Peter L. "Pete" Padgett (born June 15, 1954) is an American high school basketball coach. He is best known, however, for his playing career between 1972–73 and 1975–76 while on the Nevada Wolf Pack men's basketball team.

Playing career
Pete Padgett played for his father, Jim Padgett, the head coach at Nevada. Padgett, who is , played the power forward position and became one of the most statistically accomplished players in school history. Padgett was selected to the all-conference second team during his freshman year, then was subsequently picked as a first team all-conference member for his final three seasons.

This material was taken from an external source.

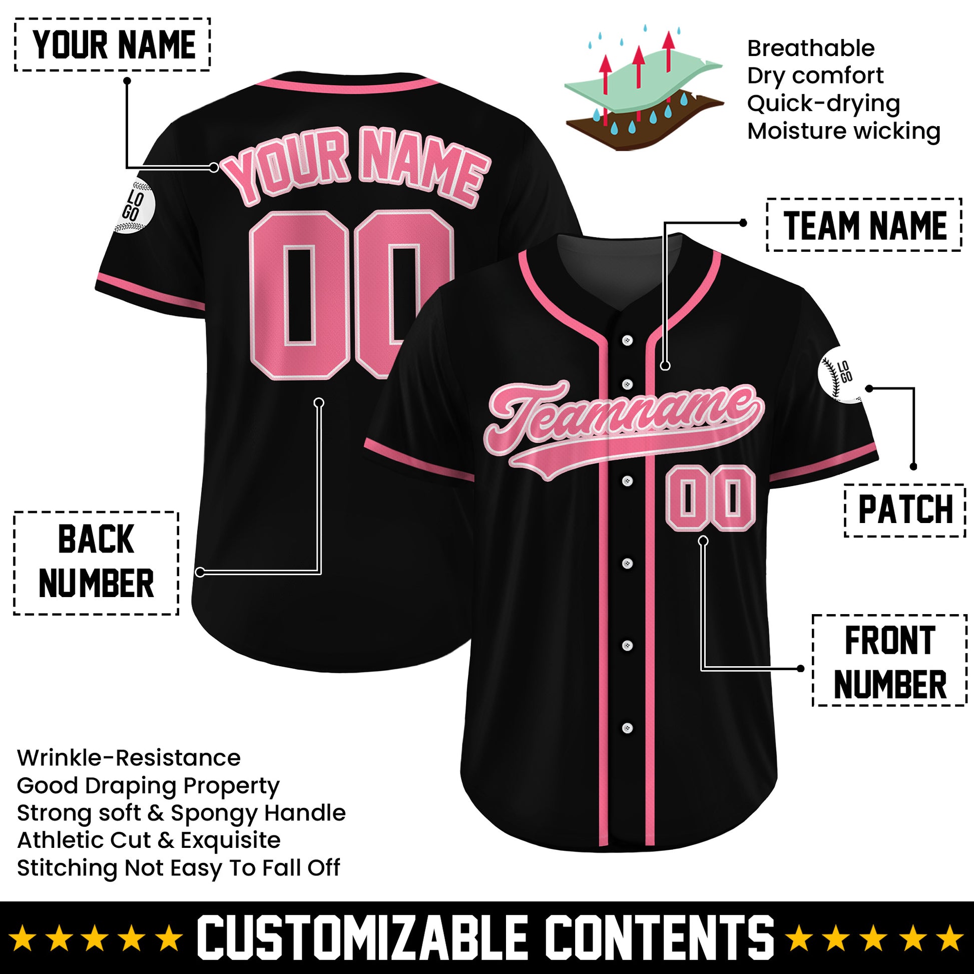 Custom Rose Noir Black Baseball Jersey – Timeless Style, Personal Touch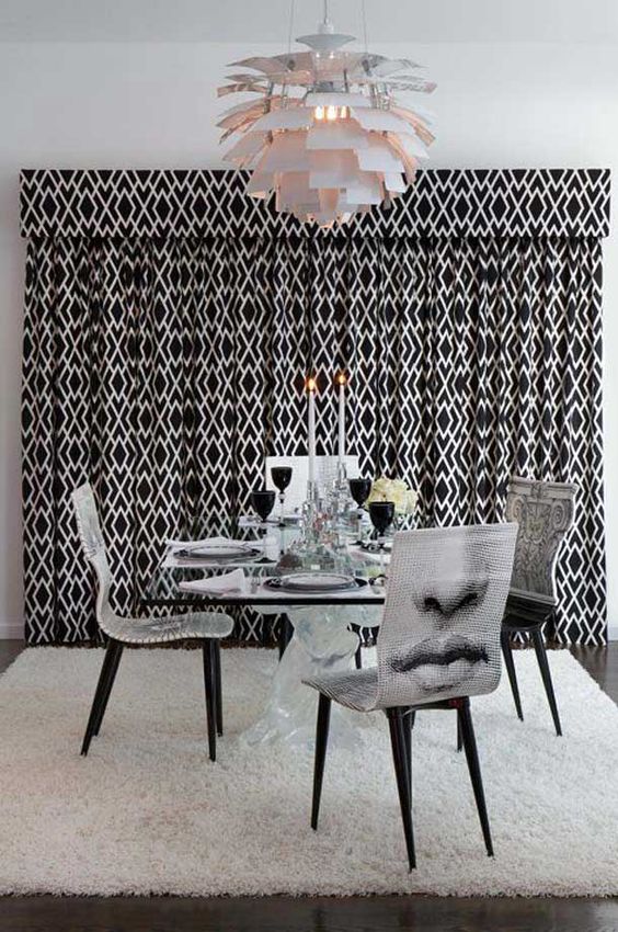 O altă caracteristică este aspectul dramatic al decoraţiunilor: supradimensionate, metalice, lucioase, adesea în perechi. Acest lucru se aplică şi în cazul mobilierului, pentru a menţine simetria. Nu uita de oglinzi. Ele trebuie să fie spectaculoase, în forme inedite sau în rame extravagante.

Padgett led the West Coast Athletic Conference in rebounding all four seasons and finished his career with 1,464 total, a sum good enough to place him in the top ten all-time in the NCAA's modern era.

Although rebounding was his specialty, Padgett finished his career with 1,642 points, which at the time was the third-highest in school history. He also set a conference-record by accumulating 784 assists (in conference games only). As a senior he was honored with the Doc Martie Award, given annually to the University of Nevada's top male athlete. Padgett was then chosen in the sixth round (88th overall) by the Atlanta Hawks in the 1976 NBA Draft, but he never played in the league.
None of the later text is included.